[Given data]:
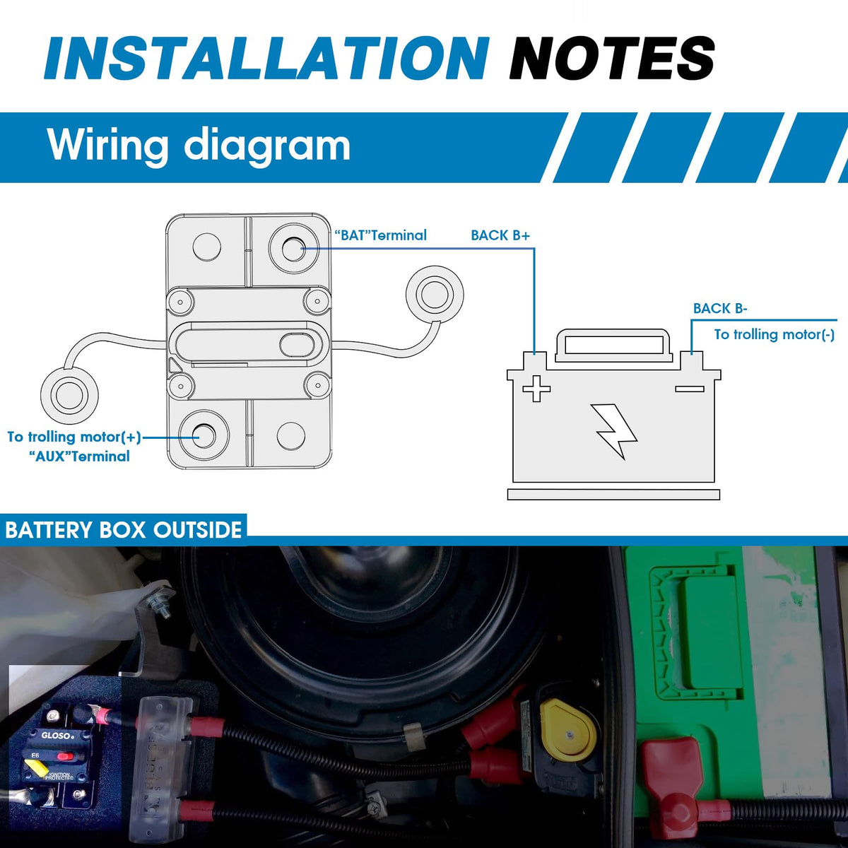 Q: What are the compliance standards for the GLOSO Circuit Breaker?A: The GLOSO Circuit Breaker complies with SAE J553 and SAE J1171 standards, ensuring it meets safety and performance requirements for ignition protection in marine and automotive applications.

...

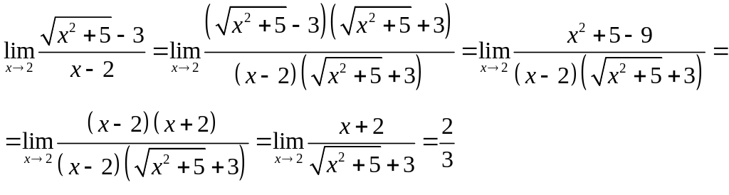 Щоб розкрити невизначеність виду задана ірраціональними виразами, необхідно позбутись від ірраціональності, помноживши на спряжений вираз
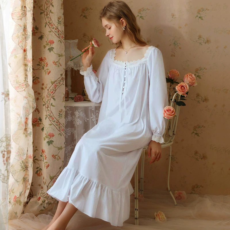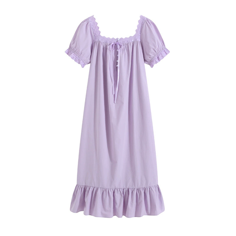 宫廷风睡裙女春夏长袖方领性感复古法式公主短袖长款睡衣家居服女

[Directions]: Go back to the listing above and write out the lines starting at the one with "Щоб розкрити невизначеність" and ending at the one with "宫廷风睡裙女春夏长袖方领性感复古法式公主短袖长款睡衣家居服女", inclusive, exactly and without pictures.

[Output below]:
 Щоб розкрити невизначеність виду задана ірраціональними виразами, необхідно позбутись від ірраціональності, помноживши на спряжений вираз
 宫廷风睡裙女春夏长袖方领性感复古法式公主短袖长款睡衣家居服女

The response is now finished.